:: Given data ::
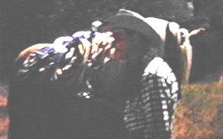 Upper Iversons was the background on many TV westerns in the mid-1950's. Besides the "Fury" show, "My Friend Flicka" shot at another ranch set down the road a piece. One day, we had to stop shooting several times because another company was firing guns. I drifted over and was quite surprised to see that it was the "Roy Rogers Show" company. I whipped out my trusty 8mm movie camera and began shooting. Here are some blow-ups of that 8mm film.
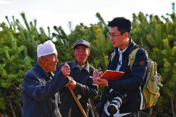 4月12日,本报记者张辰(右一)采访靖边县“治沙英雄”郭成旺父子。记者 雷魏添摄
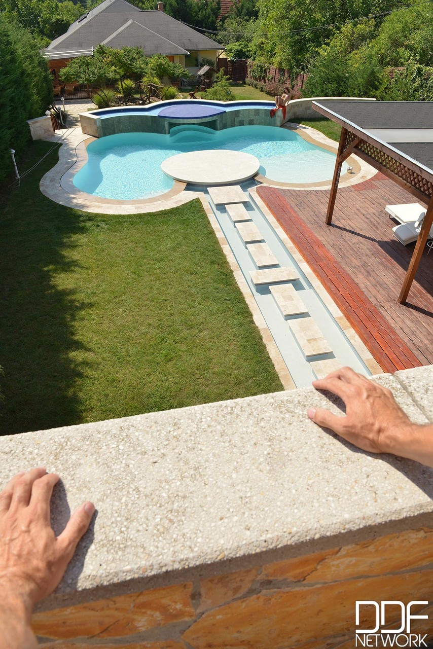 Susy Gala de microbiquini adora um pau grande à beira da piscina, dá um boquete profundo POV babado e lambe as bolas, seus peitinhos falsos ressaltam enquanto ela se engasga e faz ahegaos ao ar livre.
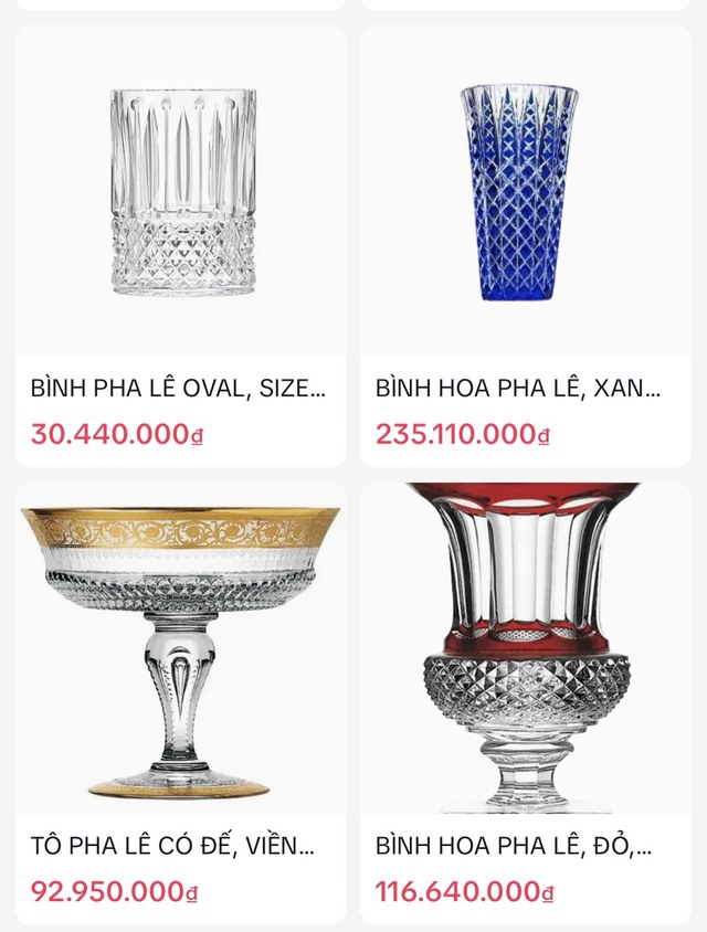 Ngoài ra, có một số sản phẩm đắt đỏ khác khiến người xem "giật mình" như khay 3 tầng mạ bạc từ Pháp 38.940.000 VNĐ, khay ăn mạ bạc từ Pháp 11.795.000 VNĐ, dụng cụ gắp đá từ Pháp 12.650.000 VNĐ, bình tinh dầu Reggio từ Pháp 5.980.000 VNĐ, kem đánh răng,...

:: Action item ::
Only lines go in the copy, not pictures. Transcribe exactly from the start of the listing through the line containing "4月12日,本报记者张辰(右".

:: Solution to the problem ::
 Upper Iversons was the background on many TV westerns in the mid-1950's. Besides the "Fury" show, "My Friend Flicka" shot at another ranch set down the road a piece. One day, we had to stop shooting several times because another company was firing guns. I drifted over and was quite surprised to see that it was the "Roy Rogers Show" company. I whipped out my trusty 8mm movie camera and began shooting. Here are some blow-ups of that 8mm film.
 4月12日,本报记者张辰(右一)采访靖边县“治沙英雄”郭成旺父子。记者 雷魏添摄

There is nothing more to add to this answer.